Kritik an der WHO Expertengremium zu queeren Gesundheitsaspekten sei einseitig, so die UN-Sonderberichterstatterin Alsalem
Die UN-Sonderberichterstatterin für Gewalt gegen Frauen und Mädchen, Reem Alsalem, hat der Weltgesundheitsorganisation (WHO) jetzt vorgeworfen, bei der Entwicklung neuer Leitlinien für Trans-Menschen einen einseitigen, pro-medizinischen Ansatz für die Versorgung zu verfolgen.
Erhebliche Interessenskonflikte?
Die WHO hat Ende letzten Jahres 21 Experten eingeladen, an der Formulierung von neuen Leitlinien bei der Versorgung von Trans-Menschen mitzuwirken. Die Zusammensetzung des Ausschusses löste allerdings nach Angaben des britischen Guardian bei einer Reihe von Frauenrechts- und LGBTI*-Organisationen Besorgnis aus, da sie auf eine mangelnde Meinungsvielfalt schließen lassen könne – nun hat sich auch Alsalem in den sich entwickelnden Streit eingeklinkt und erklärte, dass die einseitige Auswahl von Experten „erhebliche unkontrollierte Interessenskonflikte“ enthalte.
Experten wurden nicht eingeladen
Konkret kritisiert die UN-Fachexpertin für Frauen: „Interessenvertreter, deren Ansichten sich von denen der Transgender-Aktivistenorganisationen unterscheiden, wurden offenbar nicht eingeladen. Zu diesen Interessengruppen gehören Experten von europäischen Gesundheitsbehörden, die bei der Entwicklung eines evidenzbasierten und folglich vorsichtigen Ansatzes für Geschlechtsumwandlungen bei Jugendlichen – zum Beispiel England, Schweden und Finnland – die Führung übernommen haben.“
Die derzeitigen Ausschussmitglieder indes würden durchwegs nur „starke, einseitige Ansichten zugunsten der Förderung der hormonellen Geschlechtsumwandlung und der rechtlichen Anerkennung des selbstbestimmten Geschlechts“ vertreten.

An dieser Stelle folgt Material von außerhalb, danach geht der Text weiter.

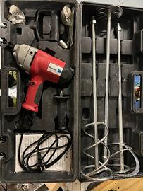 Per mescolare vernici, malte e colle. Leggero e maneggevole, unisce comfort di impiego e alta resa. Interruttore elettronico. Velocità 550 giri/min. Peso 4 kg. Dotato di 2 fruste da Ø 120 mm, 1 frusta da Ø 100. Attacco M 14. Con valigetta.

Ihr Resümee: „Kein einziges Ausschussmitglied scheint eine Stimme der Vorsicht für die medizinische Behandlung von Jugendlichen mit Geschlechtsdysphorie oder den Schutz von reinen Frauenräumen zu vertreten.“
Alsalem sagte weiter, es sei ein „bedeutendes Versäumnis“, dass dem Ausschuss keine Vertreter angehörten, die tatsächliche Experten für die Entwicklung von Jugendlichen seien, da „die überwiegende Mehrheit der Personen, die weltweit geschlechtsspezifische Dienste in Anspruch nehmen, heute Jugendliche und junge Erwachsene sind, die noch nie mit geschlechtsspezifischen Problemen konfrontiert waren.“
Kritik auch von Kliniken
Kritik kommt auch vom Clinical Advisory Network on Sex and Gender, ein Netzwerk von Kliniken vor allem im Vereinigten Königreich und in Irland, das sich mit der Debatte über Geschlecht und Gender im Gesundheitswesen befasst: „Es gibt keine soliden randomisierten, kontrollierten Studien, die geschlechtsangleichende medizinische und chirurgische Eingriffe unterstützen, und daher gibt es auch keine Studien, die uns etwas über die Wirksamkeit dieser Eingriffe bei Kindern oder Erwachsenen sagen.“
Laut dem Guardian haben sich weitere Organisationen darüber beschwert, dass die WHO die Positionen von Trans-Aktivisten zu übernehmen scheint, obwohl diese in vielen Ländern immer noch Gegenstand von Diskussionen seien.
WHO schweigt zur Kritik
Die WHO ging bisher nicht explizit auf die Kritik ein, erklärte aber, dass die neuen Leitlinien „eine Anleitung für Maßnahmen im Gesundheitssektor bieten, die darauf abzielen, den Zugang zu und die Inanspruchnahme von qualitativ hochwertigen und respektvollen Gesundheitsdiensten durch transsexuelle und geschlechtsspezifische Menschen zu verbessern.“
Die Leitlinien sollen sich dabei auf fünf Bereiche konzentrieren, darunter auch die „Bereitstellung geschlechtsspezifischer Versorgung, einschließlich Hormone“ sowie „gesundheitspolitische Maßnahmen, die eine geschlechtsspezifische Versorgung unterstützen, sowie die rechtliche Anerkennung der selbstbestimmten Geschlechtsidentität.“ Der Ausschuss soll im Februar am WHO-Hauptsitz in Genf zusammentreten, um die vorgeschlagenen Leitlinien zu prüfen.